The Japanese yen is slightly lower at the start of the week. In the Asian session, the yen fell as low as 131.35, which marked a 20-year low.
Will BoJ step in to defend the yen?
The speed of the Japanese yen’s depreciation has been remarkable, falling 12% against the US dollar in just three months. The formula for the yen’s slide has been relatively simple – US Treasuries have been moving higher, while the BoJ has fiercely defended its yield control curve, capping the 10-year yield at 0.25%. Since the yen is extremely sensitive to the US/Japan rate differential, the dollar has pummelled the yen.

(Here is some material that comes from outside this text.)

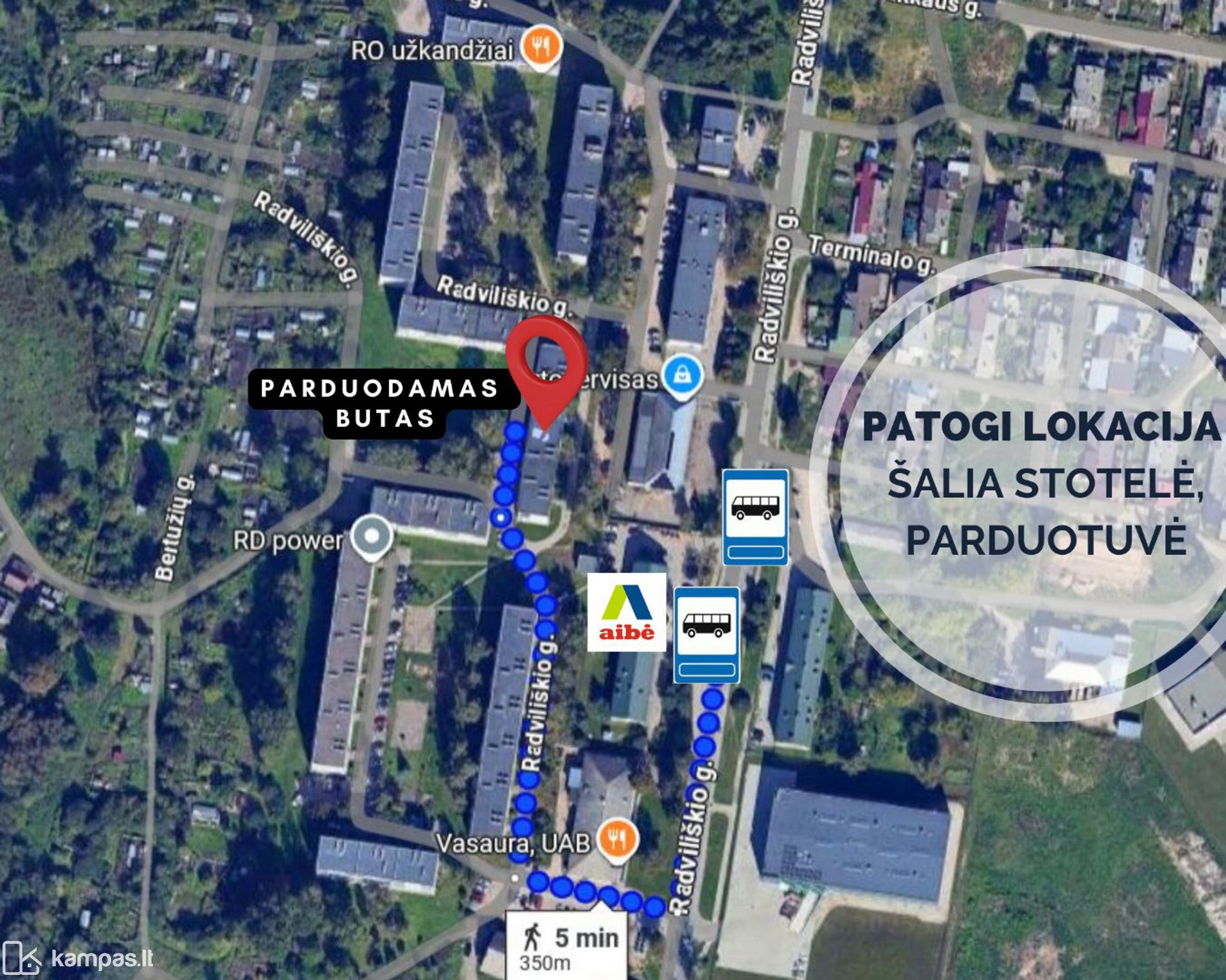 ~350 m arba 5 min pėsčiomis iki stotelės ir parduotuvės Aibė

Moving forward, the BoJ isn’t about to change its stance and allow JGB yields to increase. The central bank is committed to an ultra-loose monetary policy and has been using debt financing, with the government’s debt currently at a staggering 250% above GDP. This means it becomes a huge expense for the government if JGB yields move upwards. US Treasury yields continue to move higher, with the 10-year yield inching higher on Monday to 3.13%. The risk on USD/JPY remains tilted upwards, but the question is whether the BoJ will continue to sit on the sidelines and allow the yen to sink.

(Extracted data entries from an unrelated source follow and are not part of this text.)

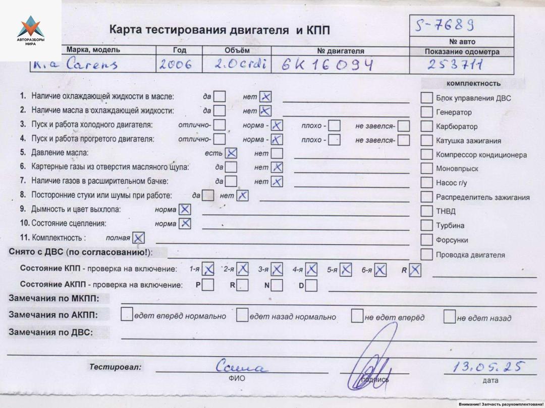 Двигатель (ДВС) Kia Carens 3 2006
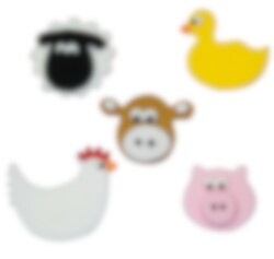 5 st. sockerdekorationer formade som små gulliga bondgårdsdjur. Blir fina på tårtan eller dina cupcakes till kalaset.
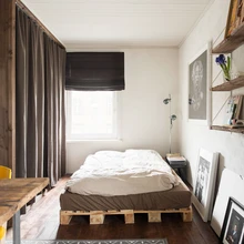 «Ehkki iga kord, kui ma hommikul silmad lahti teen ja voodist kööki vaatan, mõtlen ma: oleks ikka väga ilus, kui seda lauda siin ees ei oleks,» märgib ta. Söögilauast loobumist ta siiski tõsiselt vist ikkagi ei kaalu. Kaubaalustest voodi ehitas ta endale ise ning ühel hetkel oli Reneel mõttes see hoopis lakke rippuma panna – alustest on lihtne metalltorud läbi torgata ja jääks vaid lakke kinnitamise vaev, et eksootilise ja hõljuvana mõjuv voodi olemas oleks. Samas oleks kiusatus sinna alla paigutada mitte väga esteetiliste kodumasinate-pesurestide-triikimislaudade kollektsioon ilmselt nii suur ja inetu, et targem on voodit hoida maas.

Does the BoJ have a ‘line in the sand’ when it comes to the exchange rate? There had been talk of the 130-level triggering intervention, but that hasn’t happened, as the BoJ and Japan’s Ministry of Finance (MoF) have limited themselves to jawboning that they are monitoring the situation and are deeply worried about the yen’s rapid descent. According to a BoFA note on Monday, 140 is a key line that could trigger yen intervention. The 140-level has held since 1998, and if breached, the MoF could respond and buy yen in order to stabilize the currency. In the meantime, the yen will likely continue to lose ground, with the Federal Reserve expected to continue to tighten at an aggressive pace.